This directory contains implementation of the generative model and the classification model for the bacteria genomic dataset that are used in the paper of Ren J, Liu PJ, Fertig E, Snoek J, Poplin R, DePristo MA, Dillon JV, Lakshminarayanan B. Likelihood Ratios for Out-of-Distribution Detection. arXiv preprint arXiv:1906.02845. 2019 Jun 7.
virtualenv -p python3 .
source ./bin/activate
pip install -r genomics_ood/requirements.txt
This directory contains two python scripts: generative.py: build an autoregressive generative model for DNA sequences using LSTM. classifier.py: build a classifier for DNA sequences using ConvNets.

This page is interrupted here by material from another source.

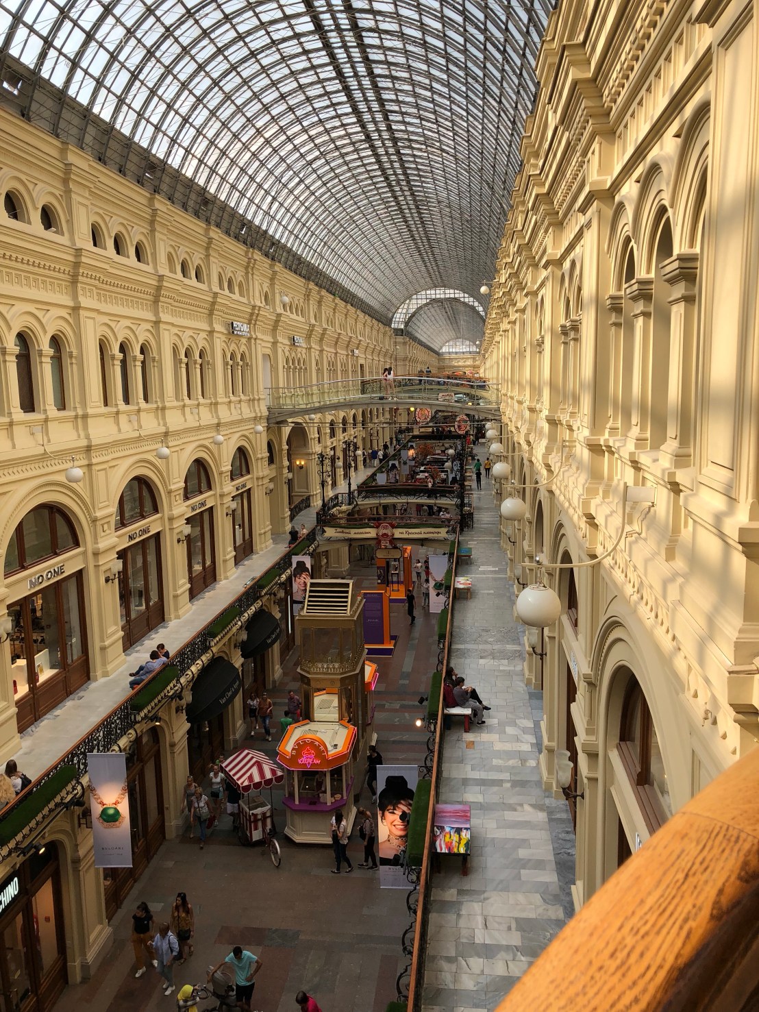 The old parliament just inside the Kremlin. It looks like you can go anywhere, but step off the tourist path and a Russia soldier with a very large rifle stops you very quickly ! I stepped onto the road to get a photograph and was very clearly put back on the allowable path.A quiet corner, and it always pays to look up. The detail is incredible, and easy to miss the corners and quiet spots.Anyone who knows Moscow will know how long it took me to get that shot with so few people in it. I am going to be politically incorrect and say I hate Chinese tour groups, they are rude and pushy and noisy, Moscow would be better without them.Another cathedral, beside the old palace. Putin doesn’t live here, the Tsars used to live hereThe gate leaving the Kremlin, unseasonably warm and a beautiful gardenThe walls of the Kremlin, just as you leave and enter Red Square. St Basil’s is just behind youAnd for a complete change, the GUM shopping centre, completely over the top and full of designer clothing, watch and jewellery stores. I doubt many Russians can afford to shop hereThat Metro ! it’s amazing, the Community youth volunteered en masse to construct the Metro, as civic duty and pride in their city dictated.Not a bad commute to workthe top of the escalators leading to street levelFood is important ! Borsht soup, two salads and a pot of tea for $9 AUD. I’m comfortably full if not stuffed now.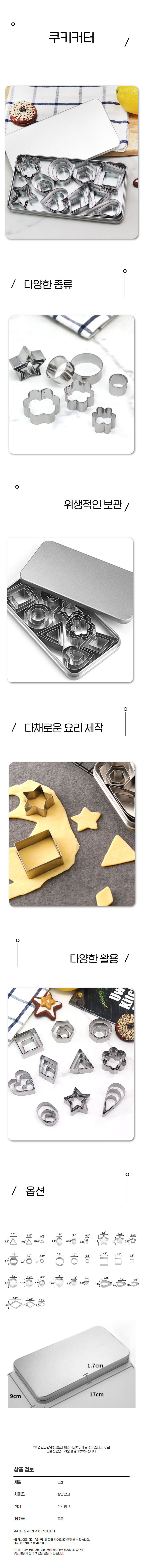 | 상품정보제공고시 | 품명: 쿠키커터 세트 홈베이킹 모양틀 스텐 초콜릿 쿠키 틀 모델명: TS14507154 제조자(수입자): 중국 OEM 제조국: 대한민국 A/S 책임자와 전화번호: 상세페이지 참조 |

To test the models on a toy dataset,
DATA_DIR=./genomics_ood/test_data
OUT_DIR=./genomics_ood/test_out
python -m genomics_ood.generative \
--hidden_lstm_size=30 \
--val_freq=100 \
--num_steps=1000 \
--in_tr_data_dir=$DATA_DIR/before_2011_in_tr \
--in_val_data_dir=$DATA_DIR/between_2011-2016_in_val \
--ood_val_data_dir=$DATA_DIR/between_2011-2016_ood_val \
--out_dir=$OUT_DIR
python -m genomics_ood.classifier \
--num_motifs=30 \
--val_freq=100 \
--num_steps=1000 \
--in_tr_data_dir=$DATA_DIR/before_2011_in_tr \
--in_val_data_dir=$DATA_DIR/between_2011-2016_in_val \
--ood_val_data_dir=$DATA_DIR/between_2011-2016_ood_val \
--label_dict_file=$DATA_DIR/label_dict.json \
--out_dir=$OUT_DIR
The real bacteria dataset with 10 in-distribtution classes, 60 validation out-of-distribution (OOD) classes, and 60 test OOD classes can be downloaded at Google Drive
To run models on the real dataset, one needs to set DATA_DIR=// and specify the OUT_DIR.
To compute likelihood ratios, we train two generative models using the generative.py. The full model is trained with L2 regularization weight and mutation rate both 0.0. The background model is trained with L2 regularization weight 0.0001 and mutation rate 0.1.